I mulled this thought over and over one night. Awoke from a sound sleep to this idea: we keep a sense of time in our brain. How does this compare to keeping a sense of place? Does it even exist?

I concluded we do have a place keeping mechanism. Each of us. How does this work?

I moved to various locations in my early life. Dad was a defense engineer on many Navy projects. He first worked in southern California. A lot of work with Cal Tech, the Jet Propulsion Laboratory, and several Navy bases. He worked with civilian contractors and corporations in that line of work, eventually moving from Naval Civil Service to private corporate employment. We lived in three homes in California. Altadena (a suburb of Pasadena) at the base of the San Gabriel Mountains. Then Inyokern in the center of the Mojave Desert, back to Altadena (same house), then to a new home in Glendora. While living there in the first 6 months, Dad took a job in Pittsfield, Massachusetts. Then transferred to Syracuse, New York. He went on to several more sites, but I had already left home for college in Illinois. After graduation, I stayed in Illinois and have lived in this region for nearly 60 years.

Unlike my youth, I have lived in 7 different homes all in Chicagoland. My brother stayed in New York. My sister remained in California and then Arizona. We siblings preferred staying put compared with our childhood wanderings.
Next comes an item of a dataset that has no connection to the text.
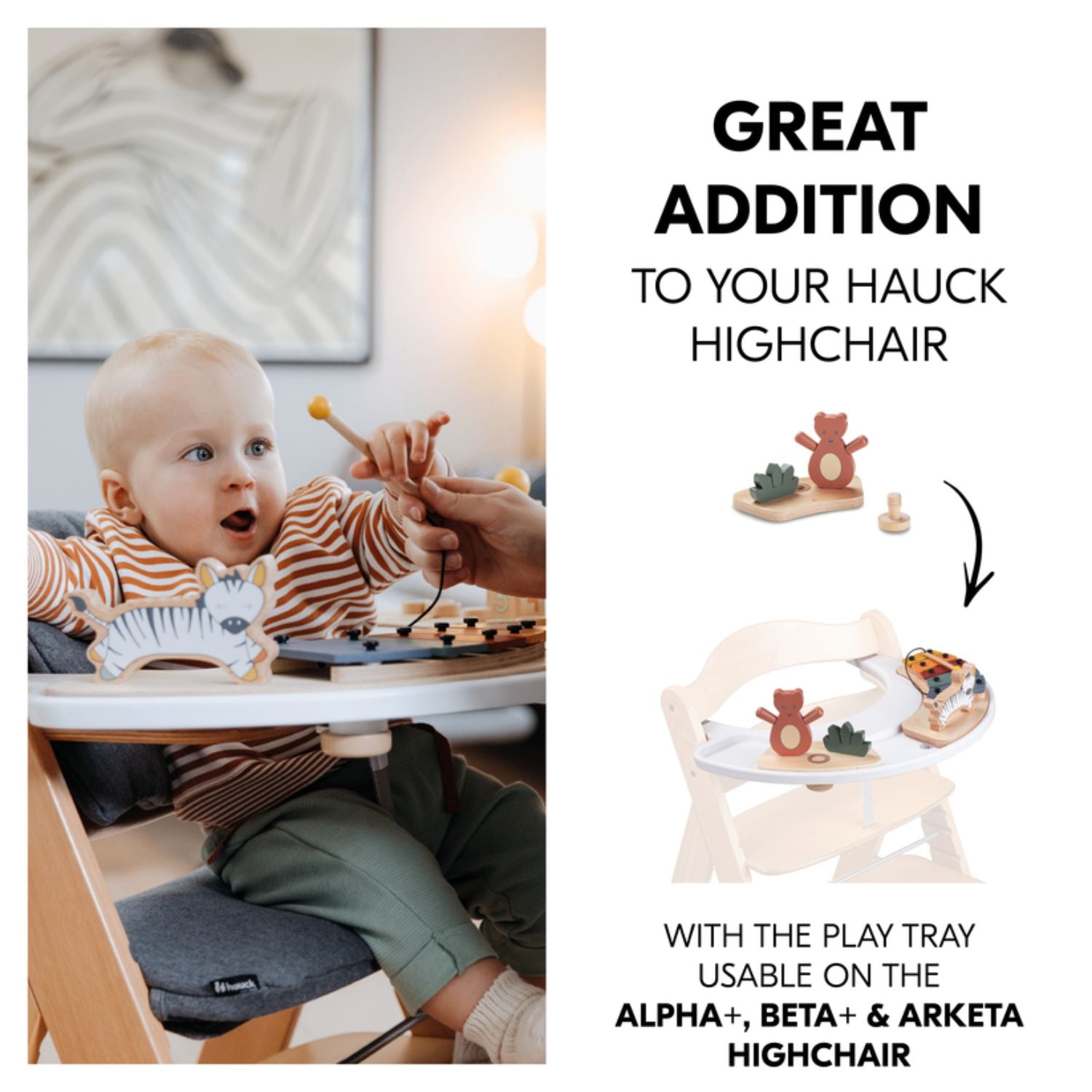 - Highchair Compatibility: Designed to perfectly attach to Hauck Alpha+, Beta+, and Arketa highchair Play Trays, providing safe and stable play.

Each of those places have meaning for me. Especially New England. That was a time of maturing, of change. So much of that experience is tied to that place, hence place keeping. Yes, those years were confined to a single time, so it can be argued that is an example of time keeping. But my memory serves up place images, not times. The grit of place is very real, not the same as time. Nor year.

In this way I recall the details of living in the place. The people, activities, landscapes, special events and features of the place. These details are very much a part of who I am at this time of my life. I now realize this has been true for all my life.

I remember oranges being connected to Glendora, California. Why? Because we lived in a new tract of housing that was built in an orange and lemon grove. We had a mature orange tree in our backyard and two lemon trees. We could walk down the alleys of trees in the remaining grove, pick ripe fruit from the trees, puncture the rind and drink deeply of fresh juice. We took refuge from the sun sitting in the tree’s shade. It was quiet and aromatic. And the juice was refreshing and delicious. Tangy. Sweet. A full range of citrus flavors. That memory pops up every time I think about orange juice and its goodness. I was a kid then, experiencing new things and new places. It was the place that marks the memory rather than time.

Music and a full range of the arts is place kept in Massachusetts, the Berkshire Hills. A memorable time of life, a memorable place of life.

Do you organize your memory in a similar manner? Or is this unique to me? I doubt the latter.